Series 6 – The Rise of Narrative Story Telling for Enhancing Sales Human Performance
B2B Sales productivity has hit an all time low in performance, and has dropped by 15% over the last ten years, now running on an average of in field productive face-to-face customer time at roughly 30% (Accenture, 2016).
In other words, 70% of B2B Sales professional time is spent in administrative overhead, (responding to emails, in putting data into administrative systems, contact management, customer relationship systems, billing and inventory management systems, internal meetings, answering /returning mobile calls, responding to text messages, etc.). Something is very wrong with this picture, impacting trillions of revenue realization globally due to the noise overload in B2B selling processes and practices.
As attention spans shifts from how to survive with the deluge of information to how to thrive productively, new approaches are reshaping the B2B world. We have already experienced the way businesses buy from and sell to each other. This has radically changed over the years.
Customers today are far more knowledgeable, and more demanding in demonstrating value. Today, customers are more comfortable getting information online and doing their own research which allows them to make decision more rapidly. With the amount of product knowledge online, through web or video conferences, customers come to the sales professional informed with specific questions and prefer not to speak with a generalist. These changes in customer buying behavior are increasingly a major challenge for suppliers with rigid, “siloed” sales structures and inflexible sales operating models, which are challenging vendor’s core delivery capabilities.
Companies servicing larger named or managed tier one accounts are rapidly striving to generate sales growth and find pathways to increase customer satisfaction. In addition, organizations of all sizes are following the lead of business-to-consumer (B2C) retailers such as Amazon.com by making smarter use of data analytics to predict customer purchasing or churn, increase sales, and deepen relationships. In other words, customers today, simply want it all – or everything.

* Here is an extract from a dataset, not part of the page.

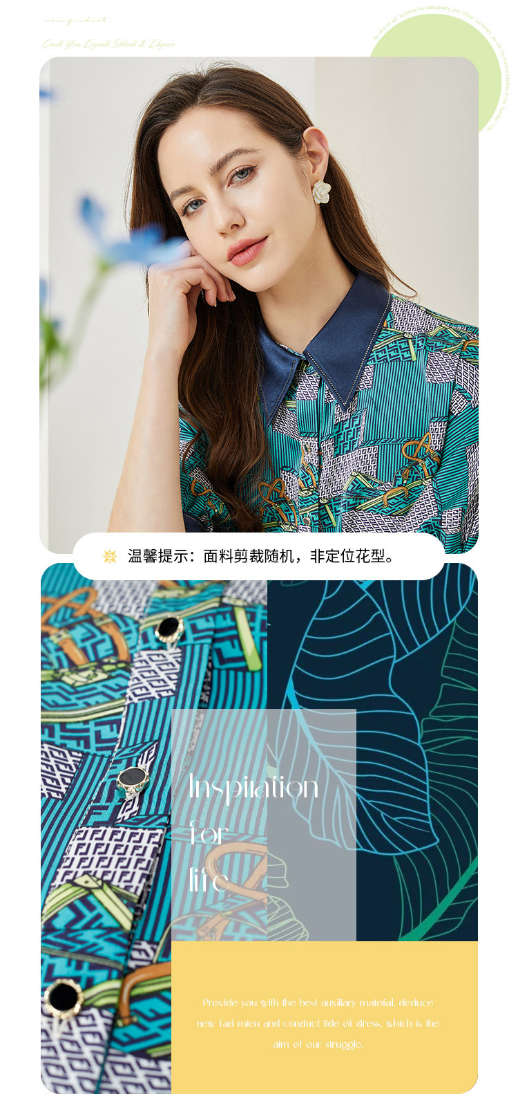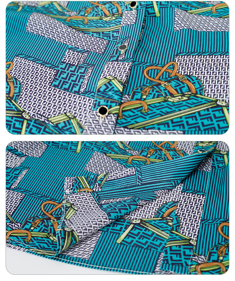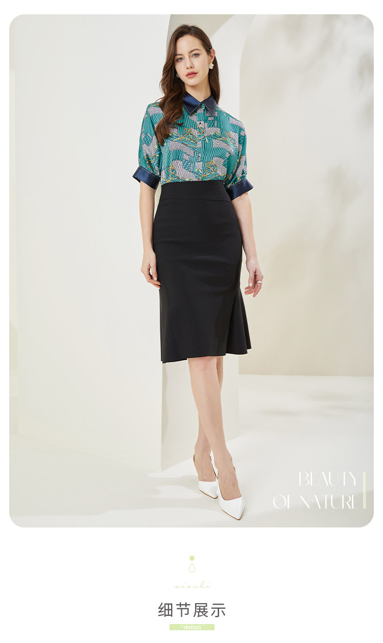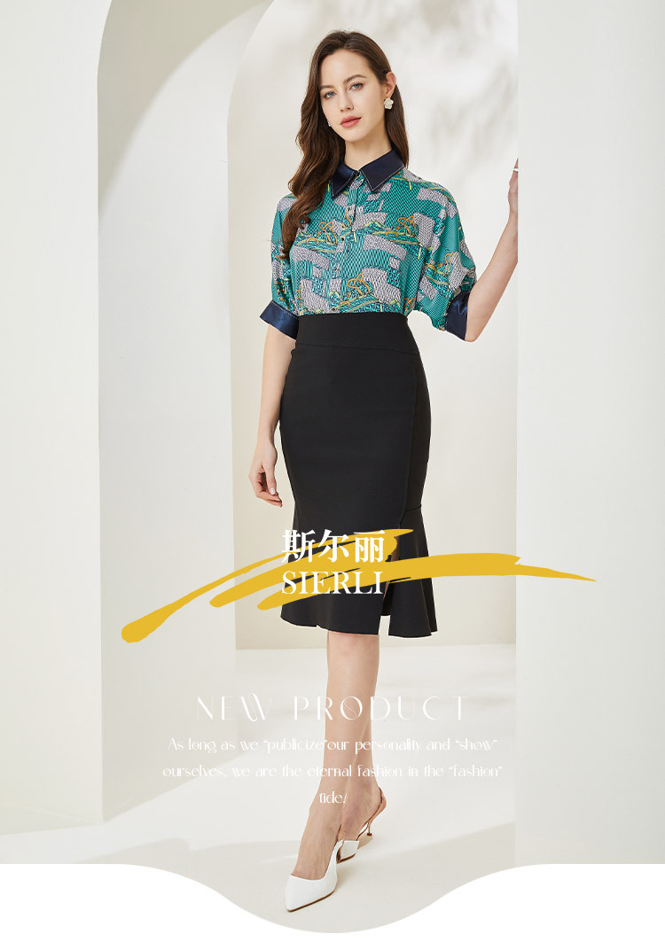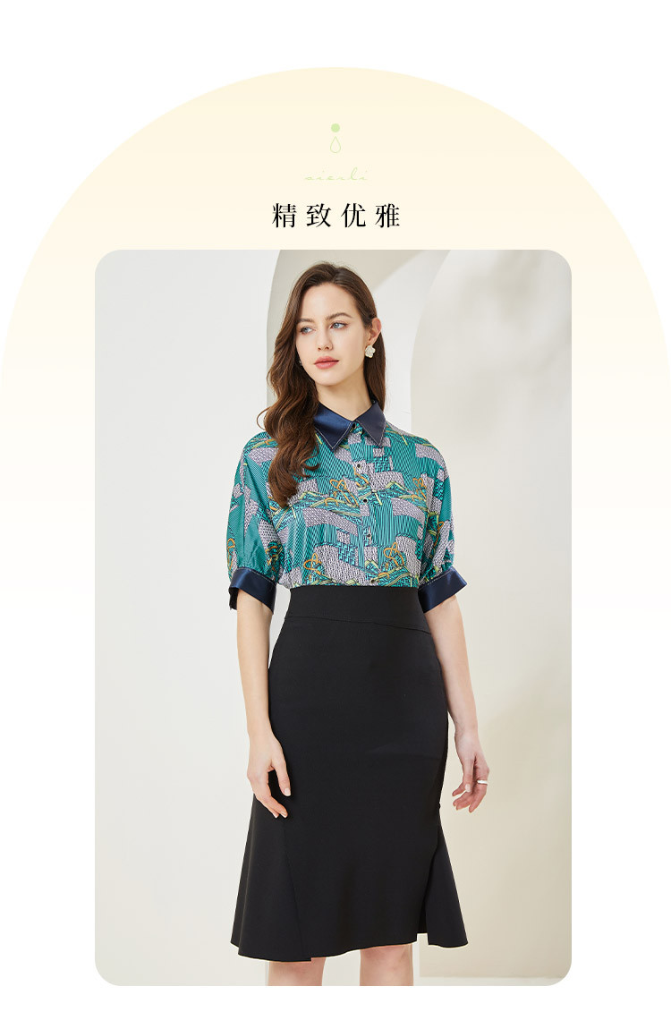 商品名称:商场同款秋季复古巴洛克印花撞色烫钻5分袖衬衣 383903

Customer needs today are far more diverse and are changing daily, adding tremendous impacts to sales organizations capabilities. For small businesses, they are primarily relying on low-cost sales channels, telemarking, online engagement etc., and for larger accounts or higher value channels, direct or face to face sales for key or named accounts continue to dominate channel approaches. Irrespective customers are demanding simple, fast, and inexpensive transactions, on the one hand, and still demanding complex solutions designed by experienced and global delivery teams. The impact is that B2B companies are over investing and more often are under delivering against customer’s high expectations.
As a result, B2B sales organizations are struggling on multiple fronts. First, they need to develop flexible Omni-channel models that can seamlessly manage diverse needs simultaneously. High value transactions are increasingly complex, and require more gain sharing, risk sharing or service level agreements, asking vendors to partner to put more “skin in the game,” to ensure value is being achieved. With this complex customer landscape, sales professionals are required to sell more product portfolios, yet the buyer profile is outpacing the knowledge base of sales professionals competencies, as customers want world-class expertise at every step of customer engagement. As a result, B2B company’s costs are skyrocketing, as they have to make investment decisions to add in layers of sales specialists who can support customer needs on the front line.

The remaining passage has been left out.